Re: [PATCH v3 bpf-next 2/3] bpf: Introduce task_vma open-coded iterator kfuncs

Andrii Nakryiko <andrii.nakryiko@xxxxxxxxx> · Wed, 23 Aug 2023 10:07:12 -0700

On Wed, Aug 23, 2023 at 12:26 AM David Marchevsky
<david.marchevsky@xxxxxxxxx> wrote:
>
> On 8/22/23 7:52 PM, Andrii Nakryiko wrote:
> > On Mon, Aug 21, 2023 at 10:06 PM Dave Marchevsky <davemarchevsky@xxxxxx> wrote:
> >>
> >> This patch adds kfuncs bpf_iter_task_vma_{new,next,destroy} which allow
> >> creation and manipulation of struct bpf_iter_task_vma in open-coded
> >> iterator style. BPF programs can use these kfuncs directly or through
> >> bpf_for_each macro for natural-looking iteration of all task vmas.
> >>
> >> The implementation borrows heavily from bpf_find_vma helper's locking -
> >> differing only in that it holds the mmap_read lock for all iterations
> >> while the helper only executes its provided callback on a maximum of 1
> >> vma. Aside from locking, struct vma_iterator and vma_next do all the
> >> heavy lifting.
> >>
> >> The newly-added struct bpf_iter_task_vma has a name collision with a
> >> selftest for the seq_file task_vma iter's bpf skel, so the selftests/bpf/progs
> >> file is renamed in order to avoid the collision.
> >>
> >> A pointer to an inner data struct, struct bpf_iter_task_vma_kern_data, is the
> >> only field in struct bpf_iter_task_vma. This is because the inner data
> >> struct contains a struct vma_iterator (not ptr), whose size is likely to
> >> change under us. If bpf_iter_task_vma_kern contained vma_iterator directly
> >> such a change would require change in opaque bpf_iter_task_vma struct's
> >> size. So better to allocate vma_iterator using BPF allocator, and since
> >> that alloc must already succeed, might as well allocate all iter fields,
> >> thereby freezing struct bpf_iter_task_vma size.
> >>
> >> Signed-off-by: Dave Marchevsky <davemarchevsky@xxxxxx>
> >> Cc: Nathan Slingerland <slinger@xxxxxxxx>
> >> ---
> >>  include/uapi/linux/bpf.h                      |  4 +
> >>  kernel/bpf/helpers.c                          |  3 +
> >>  kernel/bpf/task_iter.c                        | 84 +++++++++++++++++++
> >>  tools/include/uapi/linux/bpf.h                |  4 +
> >>  tools/lib/bpf/bpf_helpers.h                   |  8 ++
> >>  .../selftests/bpf/prog_tests/bpf_iter.c       | 26 +++---
> >>  ...f_iter_task_vma.c => bpf_iter_task_vmas.c} |  0
> >>  7 files changed, 116 insertions(+), 13 deletions(-)

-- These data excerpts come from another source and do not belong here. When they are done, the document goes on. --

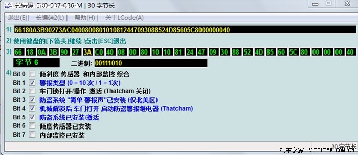 5、用上下键选择进入第6字节,将Bit5防盗系统已安装/激活选中,或直接将第6字节改为3A有一样。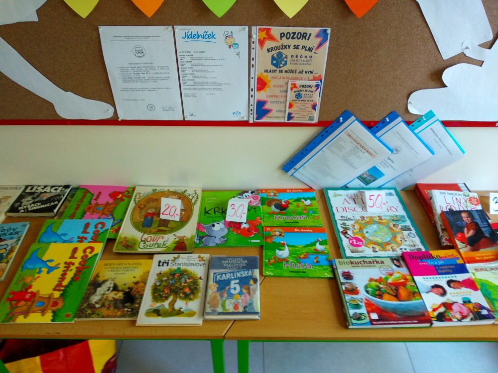 Se začátkem nového školního roku 2025/2026 jsme požádali rodiče, zda by mohli přinést a do našeho bazárku věnovat knihy, které již doma nepotřebují. Díky jejich aktivnímu přístupu, jsme mohli v týdnu od 22. září uspořádat bazar dětských knih, kuchařek i knih pro dospělé. Mnohokrát děkujeme za přispění a doufáme, že nad nově nabytými knihami stráví žáci i rodiče mnoho hezkých chvil. Všechny získané peníze plánujeme použít na nákup nových knih do žákovské knihovny ve škole a samozřejmě i pro práci v hodinách.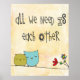 cute drawing of two owls sitting on a branch with the words 'all we need is each other"

> >>  rename tools/testing/selftests/bpf/progs/{bpf_iter_task_vma.c => bpf_iter_task_vmas.c} (100%)
> >>
> >> diff --git a/include/uapi/linux/bpf.h b/include/uapi/linux/bpf.h
> >> index 8790b3962e4b..49fc1989a548 100644
> >> --- a/include/uapi/linux/bpf.h
> >> +++ b/include/uapi/linux/bpf.h
> >> @@ -7311,4 +7311,8 @@ struct bpf_iter_num {
> >>         __u64 __opaque[1];
> >>  } __attribute__((aligned(8)));
> >>
> >> +struct bpf_iter_task_vma {
> >> +       __u64 __opaque[1]; /* See bpf_iter_num comment above */
> >> +} __attribute__((aligned(8)));
> >> +
> >>  #endif /* _UAPI__LINUX_BPF_H__ */
> >> diff --git a/kernel/bpf/helpers.c b/kernel/bpf/helpers.c
> >> index eb91cae0612a..7a06dea749f1 100644
> >> --- a/kernel/bpf/helpers.c
> >> +++ b/kernel/bpf/helpers.c
> >> @@ -2482,6 +2482,9 @@ BTF_ID_FLAGS(func, bpf_dynptr_slice_rdwr, KF_RET_NULL)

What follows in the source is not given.